▶ **Required work**
Within the entries below, please retype exactly the lines starting with the line that has "Edytor tapety: Wystajace" and going on through the line that has "Coe e tempere", but not the pictures.

----

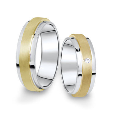 Dámsky snubný prsteň v kombinácii bieleho a žltého 14 karátového zlata 585/1000 s krásnym stredovým briliantom okrúhleho brusu o váhe 0,023 ct. Prsteň je široký 6,5 mm a má povrch v kombinácii lesklého a matného prevedenie.
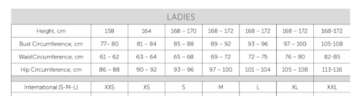 XS – 36, S – 38, M -40, L – 42, Xl – 44
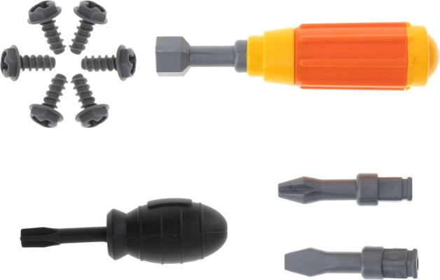A készlet két csavarhúzó eszközt tartalmaz, amelyek lehetővé teszik a traktor alkatrészeinek cseréjét, és lehetőséget adnak az elemek össze- és szétszerelésére.
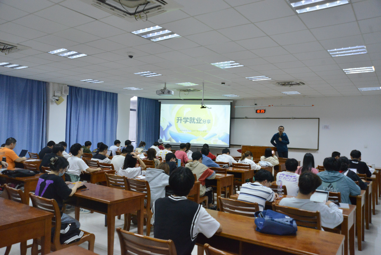5月10日,2019级电子信息科学与技术班级在学武楼召开班会。在会议上,为了解答同学们关于升学就业的疑惑,顺利迎接悄然将至的毕业学年,班主任曹烁晖老师围绕保研、考研、实习和就业四个方面和同学们分享了相关意见。
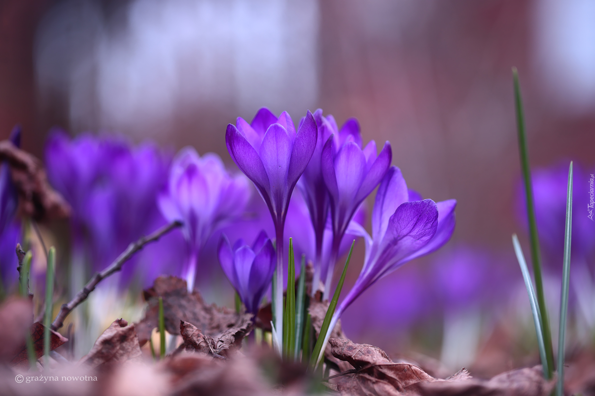 Edytor tapety: Wystajace krokusy spod suchych liści
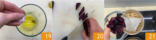 Coe e tempere com sal o molho amarelo 19. Ocupese agora das cenouras roxas: descasque-as e corte em pedaços 20. Proceda com o cozimento no vapor 21.
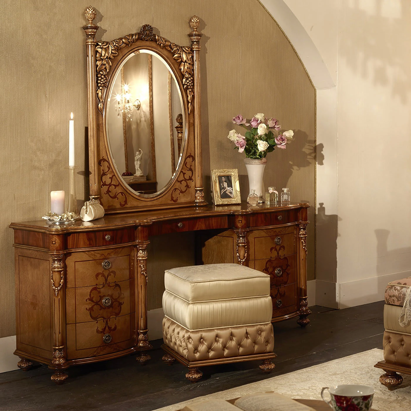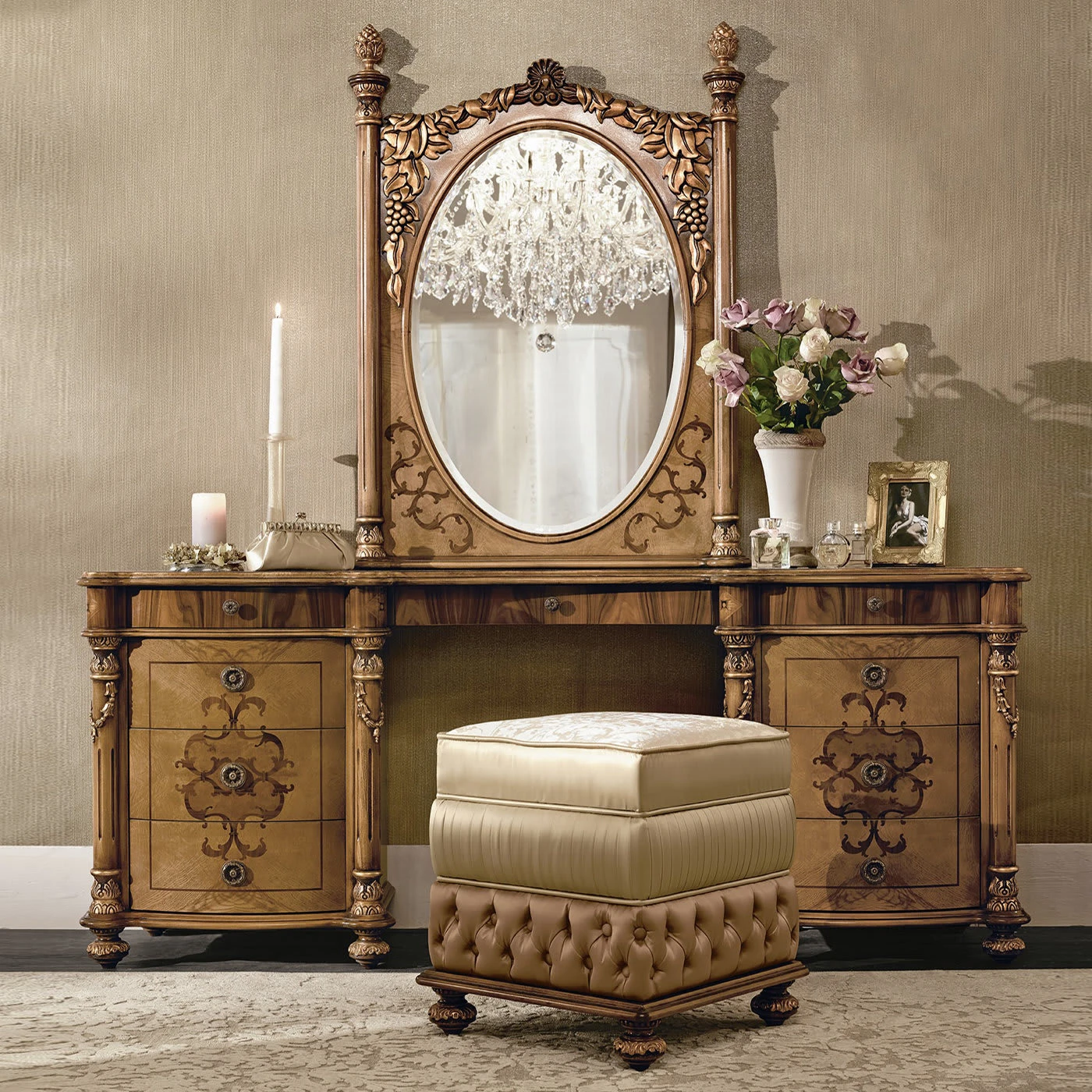 The distinctly classic inspiration of this vanity desk is evident in its bold and ornate silhouette crafted employing prized woods. Its sturdy wooden structure – providing nine drawers for storing make-up and skin-care favorites – boasts fine inlays in rosewood, feathered ash, and walnut briar that impeccably harmonize with the luminous carved elements coated with glistening gold leaf.
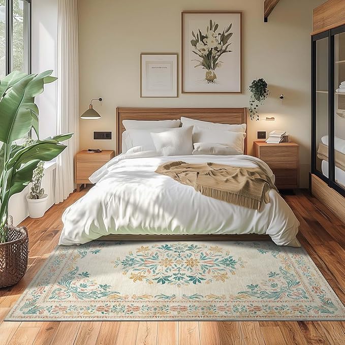 jinchan Floral 5x7 Area Rugs for Nursery - Machine Washable Vintage Distressed Design Soft Ultra-Thin Low-Pile Non-Slip Kids Carpet for Bedroom Living Room Dining Room Home Office (5x7ft,Apricot)
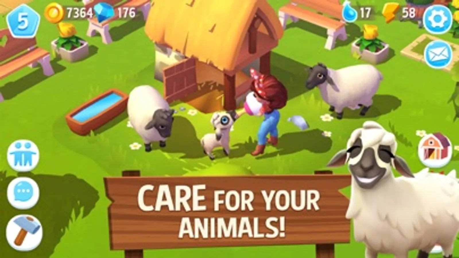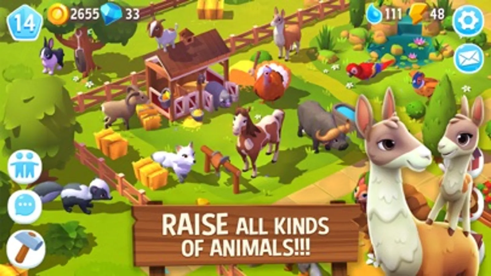 • Raise baby animals and discover new breeds, like a Steinbacher Goose, Emu, Tudanca Cow, Blue Peacock, American Guinea Hog, Bourbon Turkey, or a Scarlet Macaw! In this farming game for free, each new breed produces rare farm goods to help your farm grow.
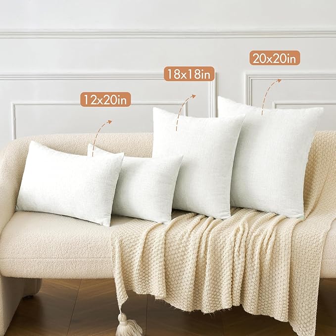 MIULEE Pack of 2 Couch Throw Pillow Covers 12x20 Inch Soft White Chenille Pillow Covers for Sofa Living Room Solid Dyed Pillow Cases
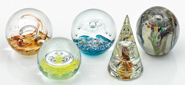 Fünf abstrakte Paperweights Farbloses Glas. Kugelig bzw. kegelförmig. Eingestochene Luftblasen sowie polychrome Ziereinschlüsse u. a. in Kröseltechnik. Teilw. aus limitierter Edition, bez. oder dat. sowie mit Herstellerzeichen. Ein Paperweight minim. best.; H. 6,5 cm - 11,7 cm.
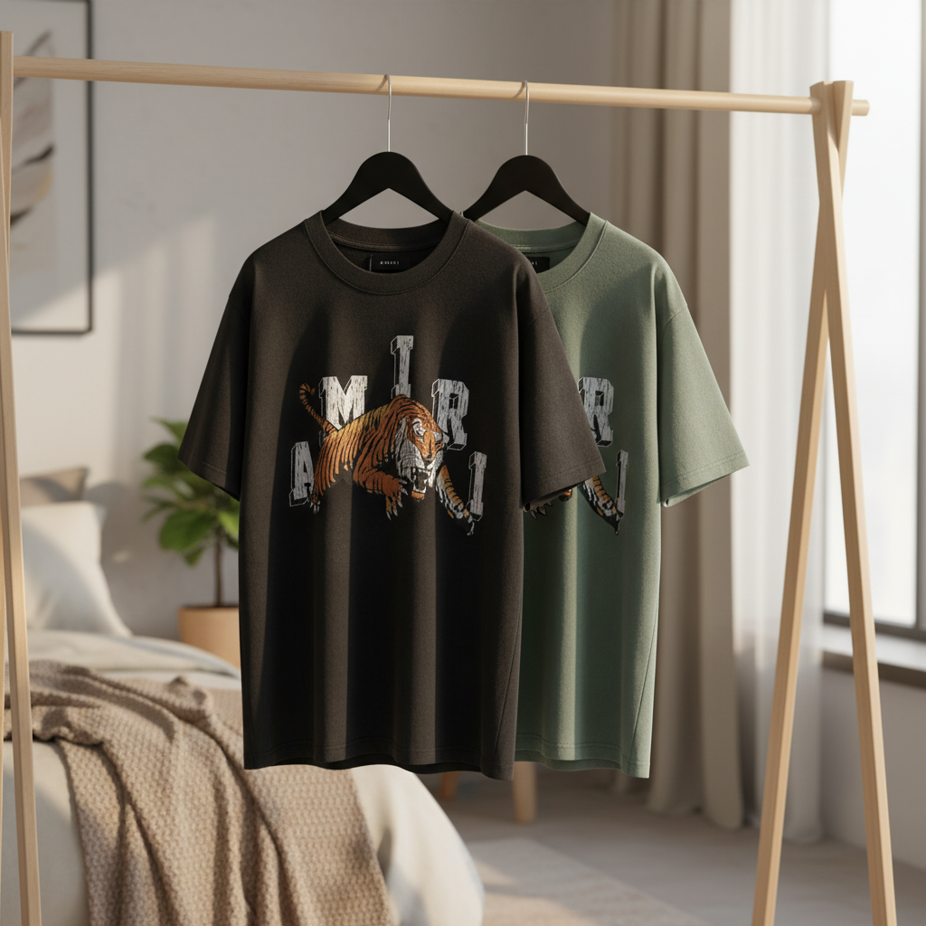 AMIRI Black Oversized T-Shirt crafted from premium cotton, soft and breathable. Features bold tiger totem and logo print, unisex streetwear style, perfect for daily casual outfits.
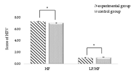 The effect of forest therapy on HRV by comparing experimental and control groups, * p < 0.05.

----

▶ **Finished task**
 Edytor tapety: Wystajace krokusy spod suchych liści
 Coe e tempere com sal o molho amarelo 19. Ocupese agora das cenouras roxas: descasque-as e corte em pedaços 20. Proceda com o cozimento no vapor 21.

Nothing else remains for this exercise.